Namun penilaian dari Kompolnas ini dibantah oleh Kadiv Humas Mabes Polri Irjen Abubakar Nataprawira. Menurut Abubakar, kejadian itu kasuistik dan kembali pada mental masing-masing anggota. Tidak ada kaitannya dengan pola rekrutmen maupun pembinaan. "Kita selalu melakukan evaluasi atas kekurangan dan kelebihan pola rekrutmen dan pembinaan setiap tahun. Yang kurang kita perbaiki. Kalau soal ada anggota yang begitu, itu faktor mental individu," tandas Kadiv Humas Polri.
Ia menegaskan, anggota yang melakukan pelanggaran seperti yang dilakukan oleh Briptu Suparman, bakal terancam dua hukuman, yakni hukuman etika dan profesi. Kedua adalah hukuman tindak pidana yang akan diproses lewat pengadilan umum. Sementara hukuman etika dan profesi akan dijatuhkan lewat sidang kode etik oleh internal pimpinan pelaku.
Proses hukum etika dan profesi akan menjatuhkan sanksi apakah pelaku dipecat dari tugas kepolisian atau hanya menjalani mutasi. Sementara proses hukum pidana, akan memenjarakan pelaku sebagaimana pelaku tidak pidana pada umumnya. "Kita tidak akan melindungi anggota yang melakukan tindak pidana. Kita akan proses secara transparan dan sesuai dengan Undang-undang yang berlaku. Kita akan bawa kasus ini sampai ke pengadilan," tegas Abubakar.
Namun kenyataan di lapangan, sampai sekarang Kapolres Semarang Selatan AKBP Imran Yunus masih menutup-nutupi kronologis perkosaan di dalam tahanan itu. Ia masih menutup rapat kasus ini meskipun sudah berselang satu minggu. "Tunggu saja nanti di pengadilan," katanya mengelak menjelaskan kronologisnya.
Sementara menurut informasi lain, perkosaan itu terjadi Jumat malam atau Sabtu dini hari sekitar pukul 03.00 WIB. Saat itu didalam tahanan ada tiga tersangka yang ditahan. Dua orang lagi disuruh pindah ke tahanan lain, sementara korban SM, warga Susukan, Semarang, diperkosa yang tinggal sendirian Suparman di dalam tahanan.
Setelah selesai menggagahi tahanan yang tengah hamil muda ini, dua tahanan lainnya yang sempat diungsikan, disuruh balik lagi ke tahanan dan tahanan dikunci kembali.

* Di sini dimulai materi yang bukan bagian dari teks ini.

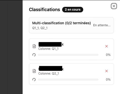 For multi-column classifications, a summary header shows overall batch progress: "Multi-classification (0/2 terminees)".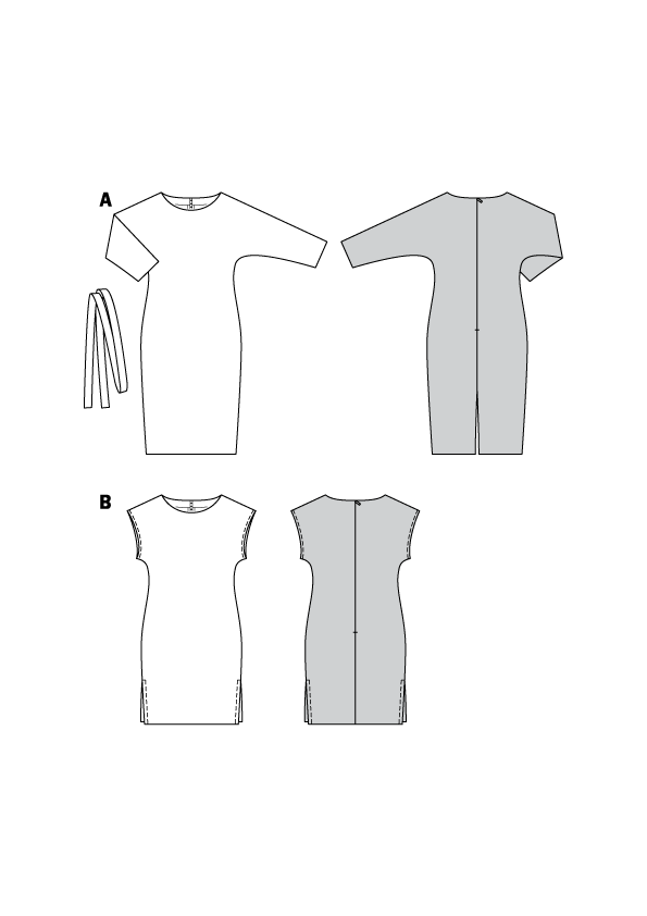 Minimalistična obleka ravnih linij v dveh variantah, s tričetrt ali kratkimi rokavi, s pasom ali brez. Obe varianti imata na hrbtu skrito zadrgo za lažje oblačenje, varianta B pa ima še stranske razporke.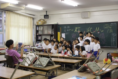10月5日(金)、上海愛楽児童合唱団が成城学園を訪れ、初等学校の子どもたちと交流しました。まずは澤柳記念講堂で全体交流会。上海愛楽児童合唱団の子どもたちが壇上に上がる時は、拍手をしながら「いい日だね」「Stein Song(乾杯の歌)」を歌って歓迎しました。初等学校合唱部は中国の民謡「茉莉花」を、続いて上海愛楽児童合唱団が「朝霞」「花非花」「三毛流浪記」の3曲を披露。両方ともすばらしい歌声で、お互いに大きな拍手を送りました。最後は初等学校の子どもたち全員で「きっといつまでも」を合唱。初めて聞いた歌のはずですが、上海愛楽児童合唱団の子どもたちも口ずさんでくれて、歌で心がつながりました。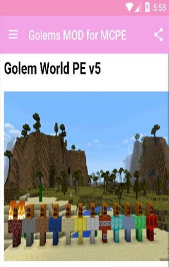 Големы MOD для MCPE "на самом деле найти мобов внутри компьютерной версии, но теперь они получают вошли в игру. По крайней мере, если вы установите мод они действительно сильны и тяжелый, что будет главной целью является создание врагов, чтобы защитить вас от злых существ, как зомби, а также другой неприятный человек. Если вас укусил толпой и борьбы, то они придут, чтобы защитить, а также преследовать злодеев. Вы можете найти два способа найти икру можно использовать просто не достаточно, чтобы получить яйцо, текущие продукты, или вы можете создать особую структуру, смотрите ниже, чтобы быть в состоянии получить их.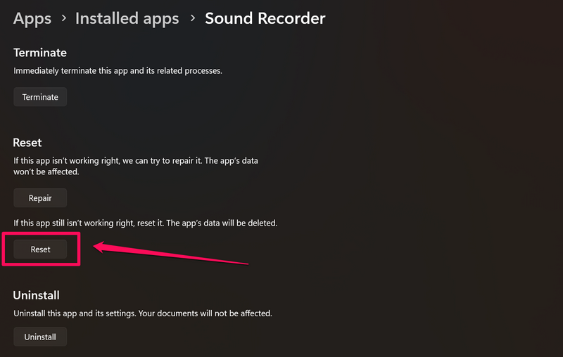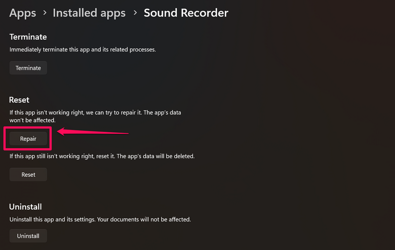 Тепер, якщо ви використовуєте вбудовану програму Windows Sound Recorder для запису свого голосу та стикаєтеся з проблемою, що диктофон не працює в Windows 11, ви можете спробувати відновити або скинути програму на своєму пристрої.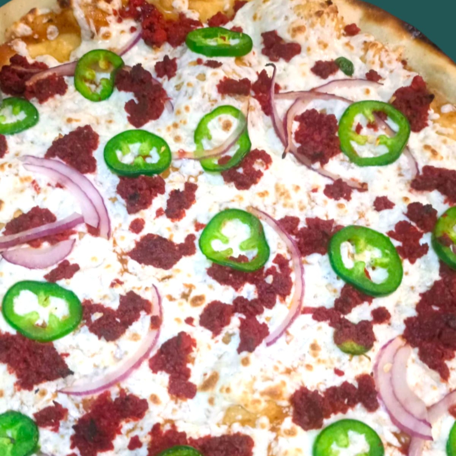 Queso vegano, pomodoro, chorizo, jalapeño y cebolla.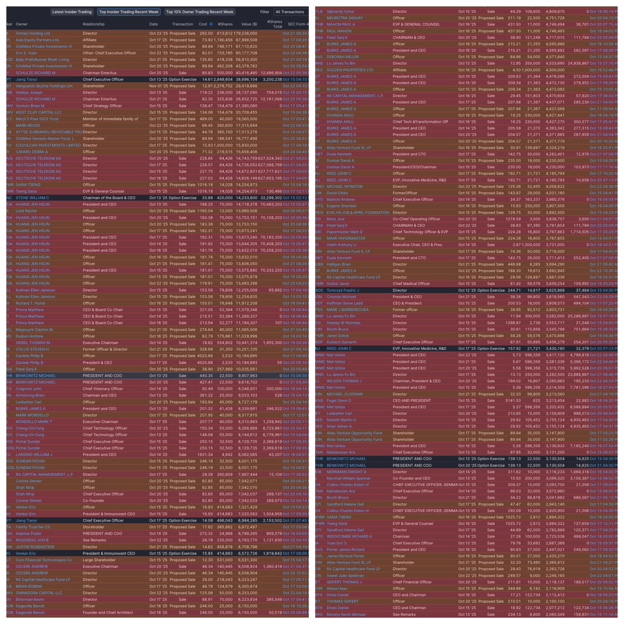 Top 200 insider trades in the last week. Not a single buy.
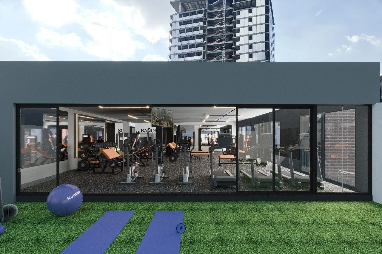 El gimnasio, diseñado por Radical Training, está equipado para ofrecer entrenamientos funcionales y de fuerza con estándares profesionales, agregando valor tanto a la experiencia como a la rentabilidad del desarrollo.
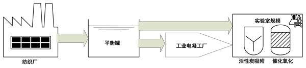 ¡¡¡¡À´×Ô·ÄÖ¯³§µÄ·ÄÖ¯·ÏË®±»´æ´¢ÔÚ¾ùºâ¹ÞÖУ¬²¢×ªÒƵ½¹¤Òµ¹æÄ£µÄµçÄý´¦Àí³§¡£´Ëºó£¬Èçͼ1Ëùʾ£¬ÔÚʵÑéÊÒÖнøÐÐÁË´ß»¯³ôÑõÑõ»¯£¬È»ºó½øÐÐÁËÎü¸½½×¶Î¡£µ¥´ÎÎü¸½£ºÔÚ´ß»¯³ôÑõÑõ»¯Ö®Ç°£¬¶ÔÓÚËùÓд߻¯¼Á£¬Îü¸½ÊµÑé¾ù½øÐÐÁË30·ÖÖÓ¡£½«»îÐÔÌ¿´ß»¯¼ÁÖ±½ÓÌí¼Óµ½·ÏË®ÖС£Îü¸½ÔÚÓë³ôÑõ»¯´¦ÀíÏàͬµÄ·´Ó¦Æ÷ÖнøÐУ¬µ«Ã»ÓгôÑõÈë¿ÚÒÔά³Ö¾ùÔȵÄʵÑéÌõ¼þ¡£ËùÓÐʵÑéÌõ¼þÓë³ôÑõ»¯´¦ÀíÆÚ¼äÏàͬ¡£Î¶ȱ£³ÖÎȶ¨²¢ÇÒµÈÓÚ23±1¡æ¡£»îÐÔÌ¿´ß»¯³ôÑõ»¯£ºÊ¹ÓÃÓëÎü¸½ºÍ³ôÑõ»¯ÏàͬµÄ·´Ó¦Æ÷½øÐд߻¯³ôÑõ»¯¡£ËùÓÐʵÑéÌõ¼þÓë³ôÑõ»¯´¦ÀíÆÚ¼äÏàͬ¡£¶ÔÓÚËùÓд߻¯¼Á£¬Ã¿´Î´ß»¯¼ÁŨ¶ÈΪ0.5g/L¡£·´Ó¦ºó£¬½øÐд߻¯¼ÁµÄ¹ýÂË(0.45μm¹ýÂËÆ÷)¡£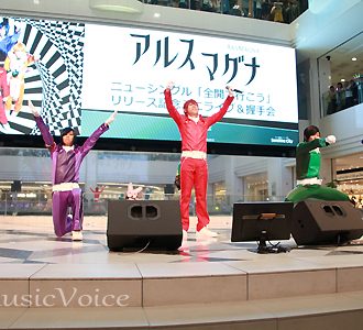この日、池袋サンシャインシティ噴水広場には1000人のアルスメイト(ファンの名称)が集結。カラフルなケミカルライトを手に、アルスマグナの登場を今か今かと楽しみにしているようだった。開演時刻になると神生アキラから「敵は何処だ!? 噴水広場のみんな大丈夫か!? 地球のメイトの平和は俺たちが守る!!」という声が鳴り響き、アルスマグナが登場。アルスメイトからの大歓声とともに、1曲目には「全開で行こう」のカップリング曲「イレギュらレンジャー」を披露。シンクロ率120%のキレキレのダンスと、ノリの良いパフォーマンスを魅せつけアルスメイトを魅了した。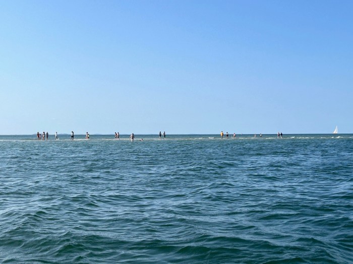 The sandbar that extends out from Wingaersheek Beach into Ipswich Bay is pretty phenomenal. It has been years since I have walked on it, but it always surprises me just how far it extends into the bay as I go by on boats. It also serves as a great example of why boaters need to know how to navigate properly as running aground there could be quite easy. Likewise, for beachgoers, knowing when the tide is rising and when to head back to dry sand is important too. Monday morning public service announcement.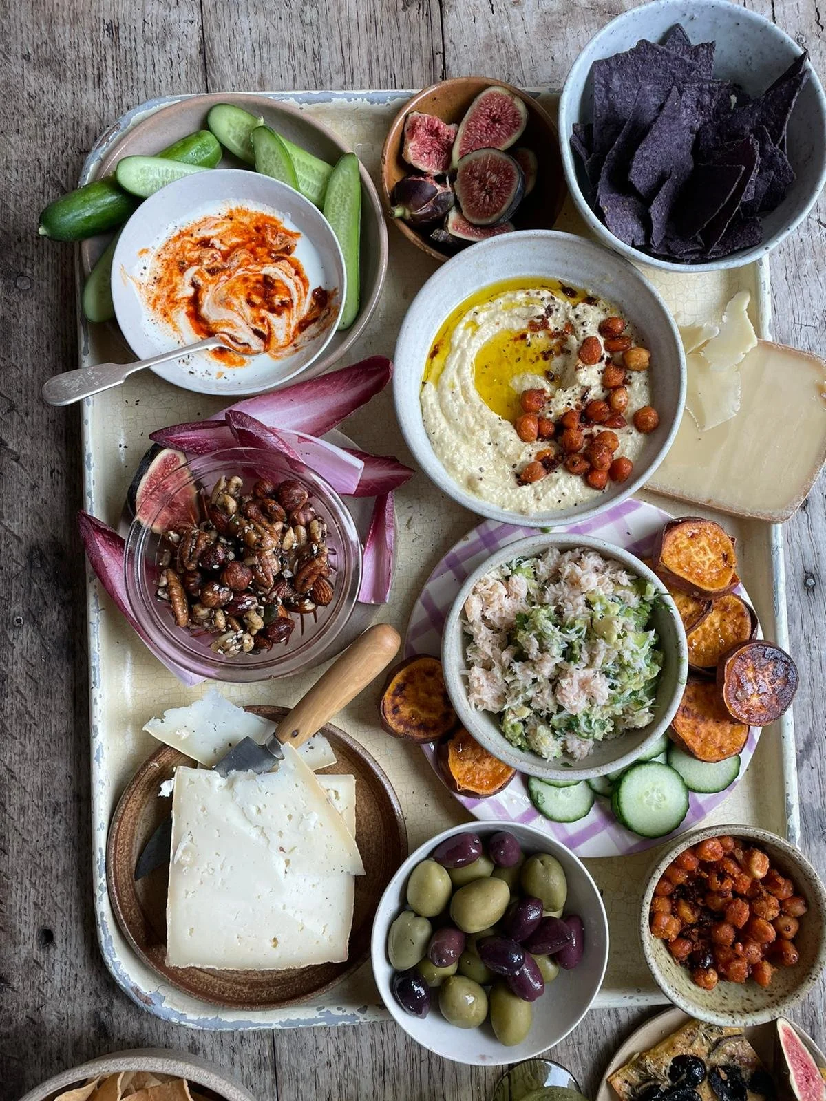 For me, a delicious dip is a fundamental part of sharing platters. I love the whipped feta and harissa honey dip on page 214 of my book Feel Good. Bean-based dips always go down a storm; simply blitz up a tin of beans with garlic, herbs, tahini and olive oil. Top with extra olive oil, chilli flakes and perhaps some crushed nuts. Make sure you have lots of lovely veg and crackers for dunking and scooping.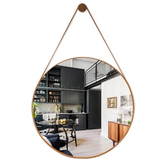 Espelho Decorativo Redondo Adnet com Alça de Couro Retrô para Banheiro Quarto e Sala

Kasus ini baru dilaporkan oleh korban setelah pelaku lepas tugas. Korban perkosaan yang ditahan karena kasus penganiayaan ini baru berani melaporkan setelah pelaku tidak bertugas. (Persda Network/Sugiyarto)
Simak breaking news dan berita pilihan kami langsung di ponselmu. Pilih saluran andalanmu akses berita Kompas.com WhatsApp Channel : https://www.whatsapp.com/channel/0029VaFPbedBPzjZrk13HO3D. Pastikan kamu sudah install aplikasi WhatsApp ya.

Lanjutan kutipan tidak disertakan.